Джорджия уже готовилась сдержанно проститься с Дрессером, однако непрерывно думала о том, когда сможет вновь увидеть его. Он обещал во что бы то ни стало вызнать все, что касается злосчастной дуэли, но ведь у него есть и важные обязанности в поместье… И, по-видимому, дело, касающееся Фэнси Фри, уже улажено.
– Ах вот ты где! – Ее мать графиня Эрнескрофт подошла к ним. – Можно тебя на два слова? Приватно.
Джорджия бросила на Дрессера извиняющийся взгляд, однако мать несказанно изумила ее:
– И вас также, Дрессер.
Озадаченная Джорджия последовала за графиней в дом.
– Как это ты ухитрилась при всем том, что уже болтают, возбудить новые слухи, я понятия не имею, – желчно произнесла мать. – У тебя к этому бесспорный талант. Вдобавок к идиотским разговорам о письме тебя видели в парке. Ты целовалась!
Джорджия вспыхнула от стыда, словно шестнадцатилетняя девочка, но тотчас пошла в наступление:
– И кто же, интересно знать, меня видел?
– Элоиза Кардус. Которая не упустит случая посплетничать.

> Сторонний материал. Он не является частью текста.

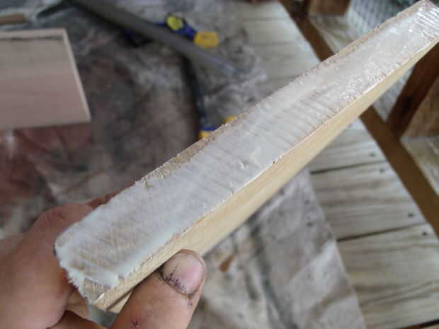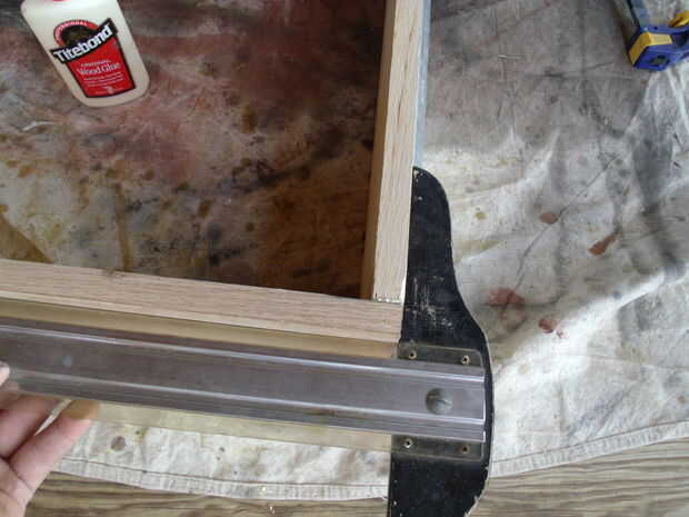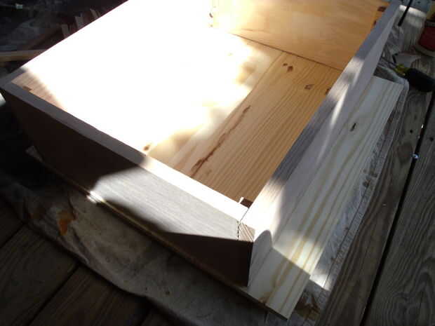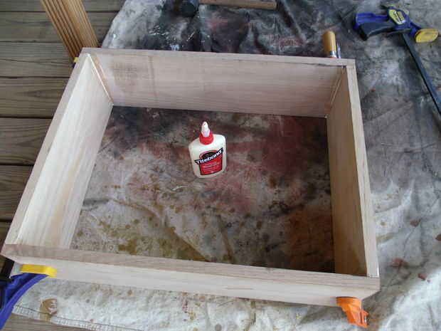 Elegido algunos roble que donaría mi mecedora, siete pies lineales de roble 3/4 "x 8". Se trata de las paredes laterales de la caja. Cortar cuatro tablas, 2 - 24" y 2 - 18" longitudes, comencé por pegar en un rectángulo, usando una escuadra para asegurarse de que las esquinas eran cuadradas. Una buena capa de pegamento es necesaria en cada junta para velar por que la caja hermética beas como sea posible. Recuerde que es importante fijar piezas de madera juntos cuando se unen con pegamento. Obliga a la cola en los poros de ambas piezas de madera. Cuando el pegamento se seca, refuerza las esquinas con las tiras de 6" de 1" x 1" que pegados y atornillados en su lugar.

– О-о-о… Опять она! – Джорджии чудом удалось не выбраниться вслух – она понимала, что уж теперь-то Элоиза не упустит случая отомстить.
– Леди Эрнескрофт, – начал было Дрессер, однако графиня жестом оборвала его.
– И даже не пытайтесь взять всю вину на себя, Дрессер! Я неплохо знаю свою дочь. Выход у нас единственный: обставить случившееся как негласную помолвку.
– Что-о? – изумленно воскликнула Джорджия, оборотившись к Дрессеру. Неужели он намеренно скомпрометировал ее? Неужели он такой же, как и Селлерби?
Однако Дрессер, похоже, был ошеломлен не меньше, чем она сама.
– Леди Эрнескрофт… – начал он вновь.
– Разумеется, вам нет надобности тотчас бежать под венец, но мы объявим во всеуслышание, что возможность такого союза рассматривается.
– Тогда вскоре меня ославят как обманщицу! – запротестовала Джорджия.
– Не беспокойся. Если не было твердой договоренности о вашей женитьбе, тебе нечего опасаться. Надеюсь, вы согласны сыграть свою роль, Дрессер?
– Я готов служить леди Мей и выполнить любую ее просьбу, мадам. – Дрессер склонил голову.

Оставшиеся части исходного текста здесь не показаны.